--- EXERCISE DETAILS ---
Print nothing except the lines of the listing below from the line with "ガレージではNBの作業の続き" to the line with "Selain persekitaran yang", each exactly as written, both ends included.

--- TASK INPUTS ---
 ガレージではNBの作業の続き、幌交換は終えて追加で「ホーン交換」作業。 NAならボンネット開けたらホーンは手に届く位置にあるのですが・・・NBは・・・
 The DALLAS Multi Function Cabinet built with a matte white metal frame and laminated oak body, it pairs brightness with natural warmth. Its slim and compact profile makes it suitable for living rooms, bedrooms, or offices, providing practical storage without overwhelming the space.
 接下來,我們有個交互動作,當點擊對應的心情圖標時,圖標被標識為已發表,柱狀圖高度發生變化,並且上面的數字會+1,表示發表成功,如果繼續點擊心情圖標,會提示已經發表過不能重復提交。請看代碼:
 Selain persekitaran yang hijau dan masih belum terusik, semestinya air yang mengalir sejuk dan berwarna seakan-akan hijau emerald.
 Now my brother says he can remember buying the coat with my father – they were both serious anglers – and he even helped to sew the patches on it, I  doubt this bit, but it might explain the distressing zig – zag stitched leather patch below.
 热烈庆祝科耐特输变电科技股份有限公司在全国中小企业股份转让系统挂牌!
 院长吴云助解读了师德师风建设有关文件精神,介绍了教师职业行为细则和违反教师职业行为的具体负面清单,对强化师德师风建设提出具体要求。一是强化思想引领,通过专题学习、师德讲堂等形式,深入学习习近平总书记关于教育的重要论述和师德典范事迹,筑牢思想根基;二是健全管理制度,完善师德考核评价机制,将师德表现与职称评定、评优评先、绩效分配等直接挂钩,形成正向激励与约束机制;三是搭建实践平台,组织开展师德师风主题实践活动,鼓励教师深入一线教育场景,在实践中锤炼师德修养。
==
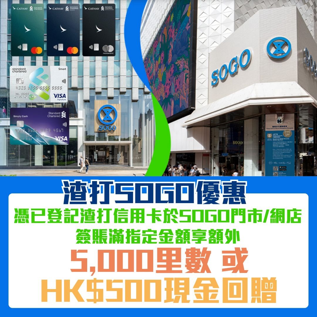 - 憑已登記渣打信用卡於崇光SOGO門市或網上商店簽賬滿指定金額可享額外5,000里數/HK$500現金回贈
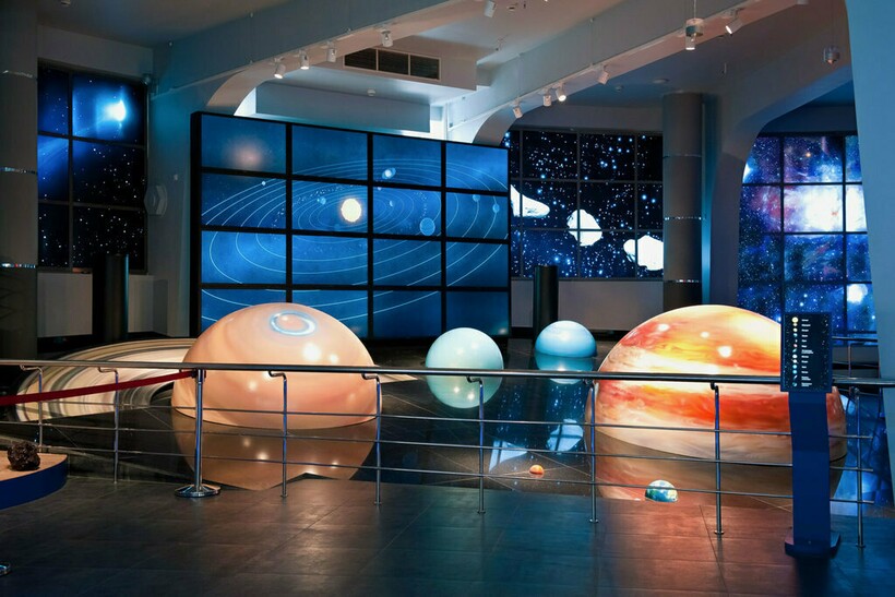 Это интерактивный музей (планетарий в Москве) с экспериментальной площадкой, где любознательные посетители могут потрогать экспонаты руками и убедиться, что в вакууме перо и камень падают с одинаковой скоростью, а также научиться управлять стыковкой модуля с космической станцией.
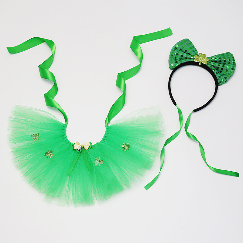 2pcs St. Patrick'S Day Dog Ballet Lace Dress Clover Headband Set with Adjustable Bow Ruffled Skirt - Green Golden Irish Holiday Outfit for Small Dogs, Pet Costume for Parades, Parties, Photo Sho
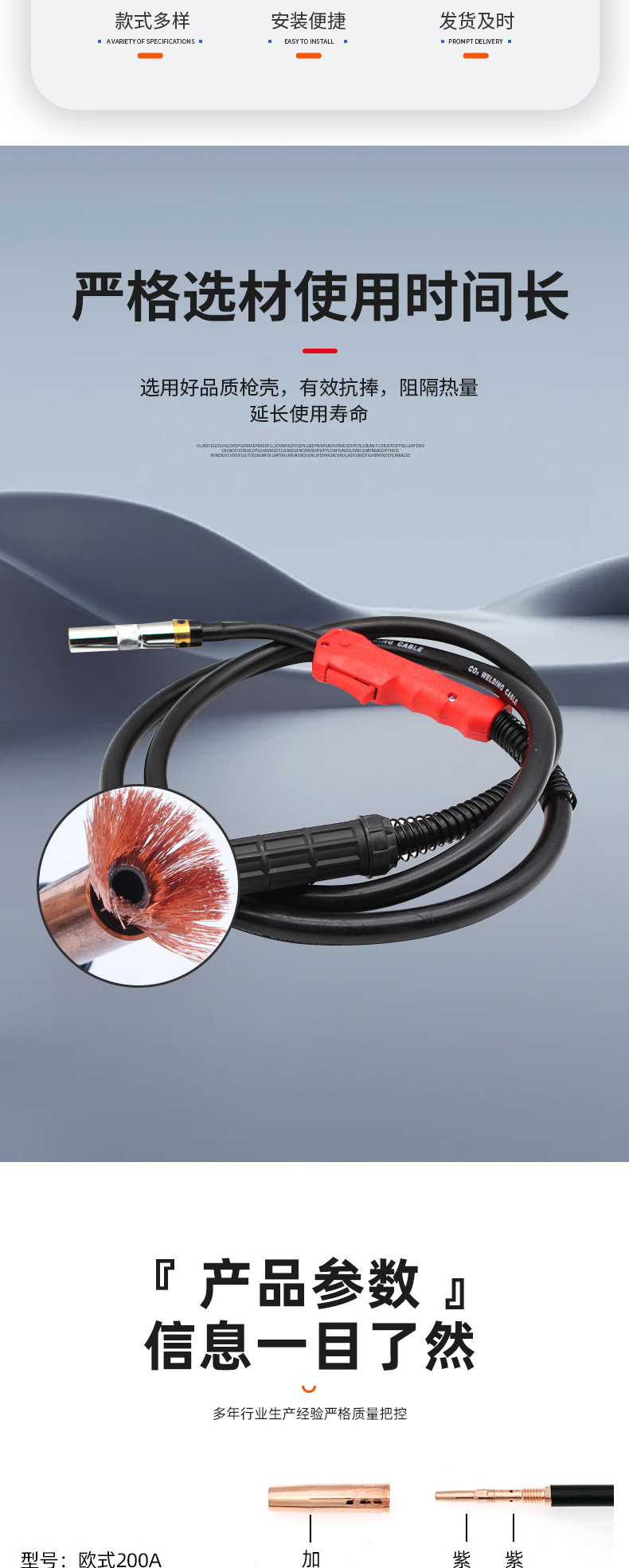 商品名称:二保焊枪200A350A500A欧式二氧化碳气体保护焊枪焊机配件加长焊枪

--- SOLUTION TO THIS EXERCISE ---
 ガレージではNBの作業の続き、幌交換は終えて追加で「ホーン交換」作業。 NAならボンネット開けたらホーンは手に届く位置にあるのですが・・・NBは・・・
 The DALLAS Multi Function Cabinet built with a matte white metal frame and laminated oak body, it pairs brightness with natural warmth. Its slim and compact profile makes it suitable for living rooms, bedrooms, or offices, providing practical storage without overwhelming the space.
 接下來,我們有個交互動作,當點擊對應的心情圖標時,圖標被標識為已發表,柱狀圖高度發生變化,並且上面的數字會+1,表示發表成功,如果繼續點擊心情圖標,會提示已經發表過不能重復提交。請看代碼:
 Selain persekitaran yang hijau dan masih belum terusik, semestinya air yang mengalir sejuk dan berwarna seakan-akan hijau emerald.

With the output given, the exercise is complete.